Future decisions, especially those at such a moral scale, should not be made in a rush. We’ll never achieve this goal; the fog of war, inaccurate forecasting, and sheer randomness and complexity will probably make the majority of our “Oppenheimer” decisions take place in haste. But that doesn’t mean we should perpetuate the institutional design that makes reactivity, rather than proactivity, even more likely.
In the 6th century BC, Chinese strategist Sun Tzu wrote about “deep knowledge” — the ability “to be aware of disturbance before disturbance, danger before danger, destruction before destruction, calamity before calamity.”

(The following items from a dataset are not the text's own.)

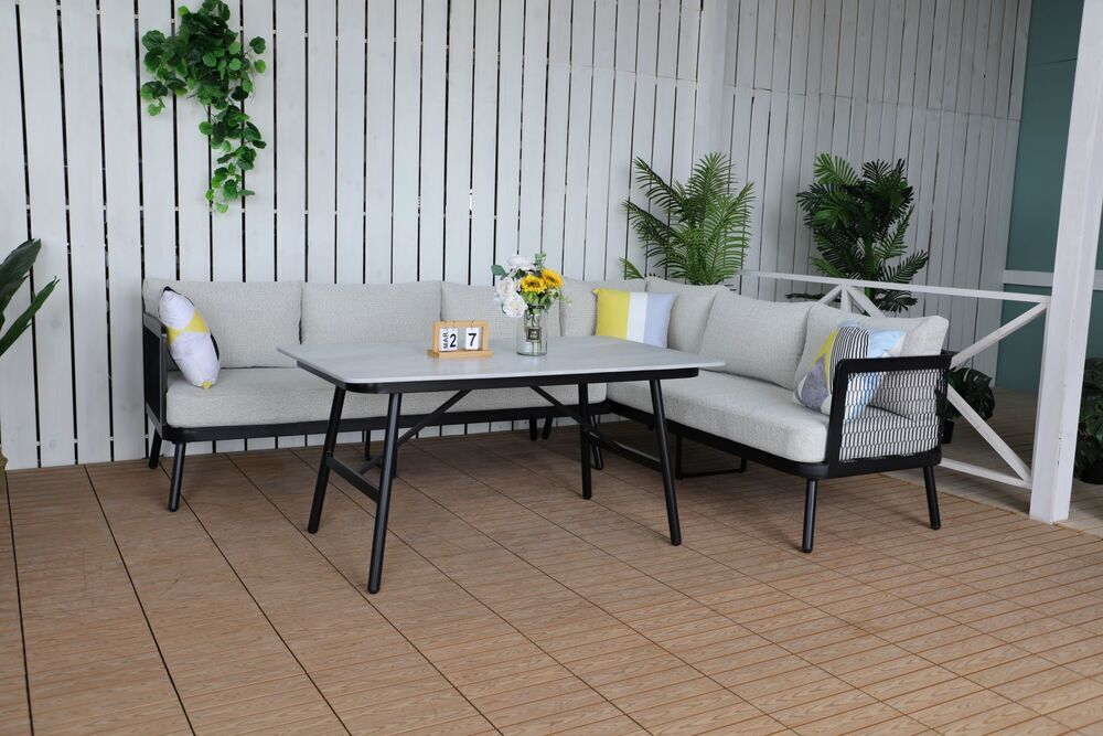 Luxusní rohová hliníková souprava v černém provedení, doplněna o stolovou desku z hliníku a pryskyřice v dezénu kamene. Moderní souprava, která skvěle zapadne do každého exteriéru či interiéru. Velmi pohodlné podušky z předené tkaniny (polyester 460g/m2, vodu odpuzující tkanina) s molitanovou výplní (12 cm) jsou odolné UV záření. Všechny podušky jsou vybaveny zipy, díky kterým můžete polyesterový potah jednoduše sundat. Souprava má díky použitým materiálům a modernímu vzhledu opravdu široké využití, je vhodná pro vnitřní i venkovní prostory - zahrady, terasy, zimní zahrady nebo třeba do uvítací haly či recepce. Díky jednoduché montáži, budete moci již po chvíli soupravu naplno využít.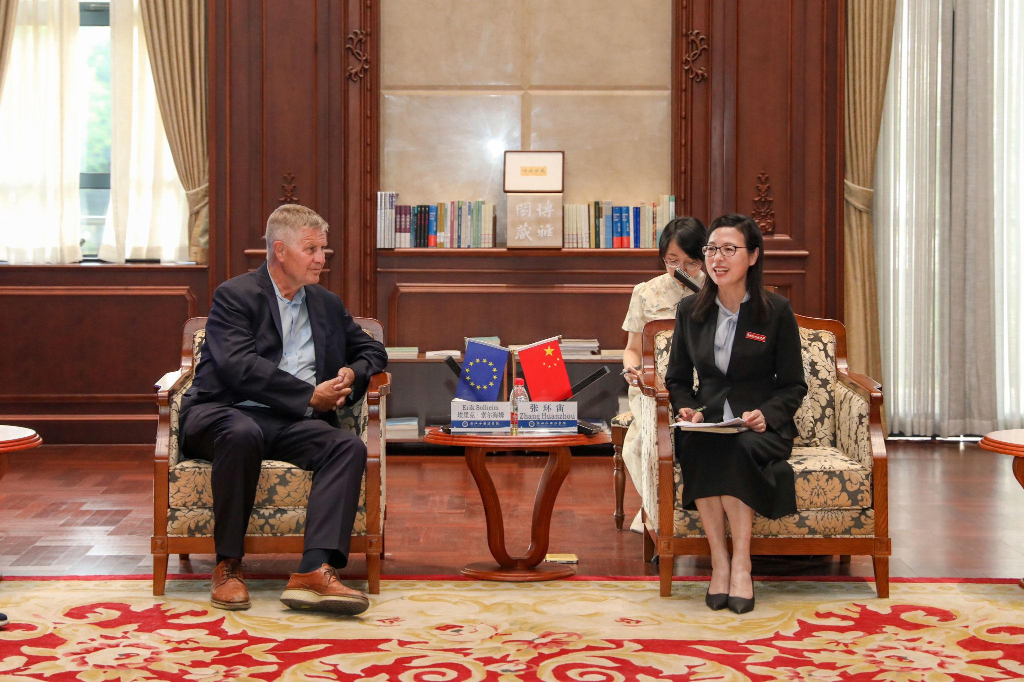 6月7日,欧盟亚洲中心主席、联合国前副秘书长兼环境规划署署长埃里克·索尔海姆到访浙外,与校长、党委副书记张环宙会谈并签署学术合作谅解备忘录。欧盟亚洲中心副主席沈伟、秘书长颜瑞,kaiyun开云官方副校长、党委委员柴改英等陪同会见。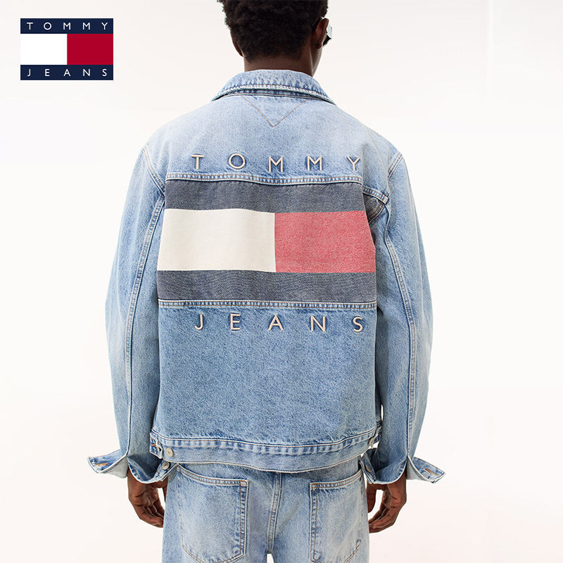 Tommy25秋冬新款 复古风后背大旗标刺绣翻领牛仔外套 男女纯棉美式

Our existing systems to solve big global problems, though, have little incentive to employ deep knowledge. While term limits in democractic government safeguard against tyrannical leadership and other threats, they also create a bias towards short term fixes that only temporarily satisfy a constituency. The quarterly reporting system of public companies satisfy the short term economic interests of shareholders, but disincentivize the most powerful businesses in the world to enact long term change that can address global dilemma. And while the philanthropic sector has often catalyzed large-scale change to address societal problems, it has also perpetuated some of the flawed systems that have created them in the first place.

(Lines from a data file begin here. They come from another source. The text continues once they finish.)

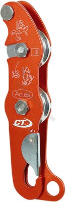Спусковий пристрій Acles DX фірми Climbing Technology для довгих спусків по мотузці в вузьких місцях з контролем за швидкістю спуску. Може бути встановлений на мотузку без від'єднання від обв'язки завдяки пружинній кліпсі. Контроль за швидкістю спуску здійснюється натягом вільного кінця мотузки. Можливий підйом по мотузці без зміни положення пристрою, при використанні петлі під ногу і жумара. Замінювані кулачок і бобіна. Для одинарних мотузок діаметром від 9 до 12 мм.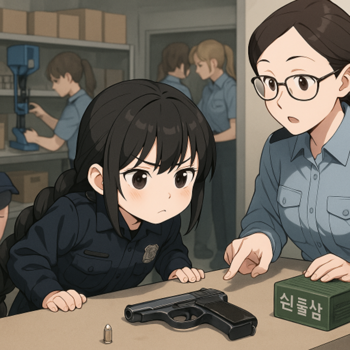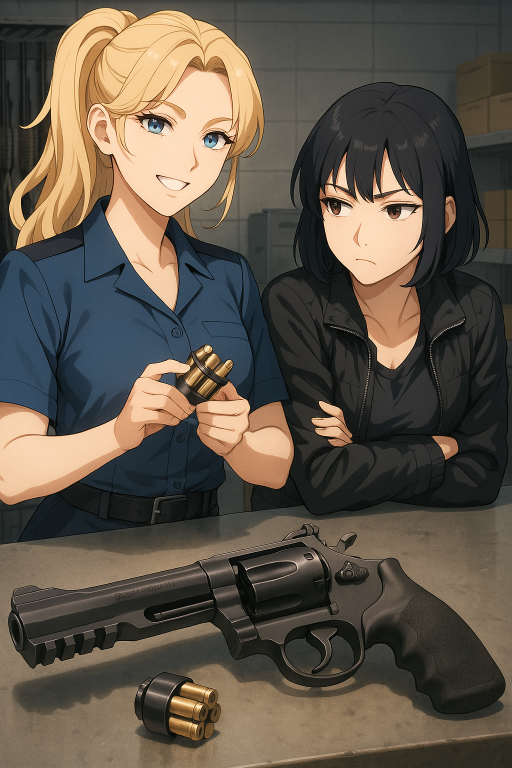 事務的な女性下士官の言葉に反応して茜が踏み出す。その目の前に女性下士官は大型のリボルバーS&WM327を差し出す。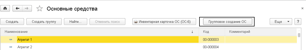Часто в организацию поступают одноименные основные средства. По правилам бухучета каждому основному средству надо присвоить свой инвентарный номер. В конфигурации «Бухгалтерия предприятия» существует обработка. Которая позволяет выполнить эту задачу. Для этого в справочнике «Основные средства» есть кнопка «Групповое создание ОС».

Our current, limited deep knowledge is screaming the warning signs at us. We know that humans will write the moral code for multiple uses of artificial intelligence that could fundamentally change the lives of present and future human generations. Yet human society has a notoriously bad track record, over thousands of years, when it comes to agreeing philosophically on a shared moral code. We know that genetic engineering, if implemented incorrectly, could exacerbate inequality to unconscionable levels and potentially incubate eugenic societies. We know that rising sea levels directly correlated to anthropomorphic climate change will lead to the sinking of small island nations in the present, and larger land-masses in the future. Which institutions are fully focused on solving these problems over the long term, without distraction and incentivization to instead satisfy immediate, and often conflicting concerns?
There surely aren’t enough. Legacy institutions, governments, think-tanks, NGO’s, and corporations, even at their best and most moral, are overburdened and often designed insufficiently for the 21st century.
It is essential to supplement these systems with separate, empowered institutions that can exclusively focus on looking at the set of problems requiring proactive and longer-term solutions.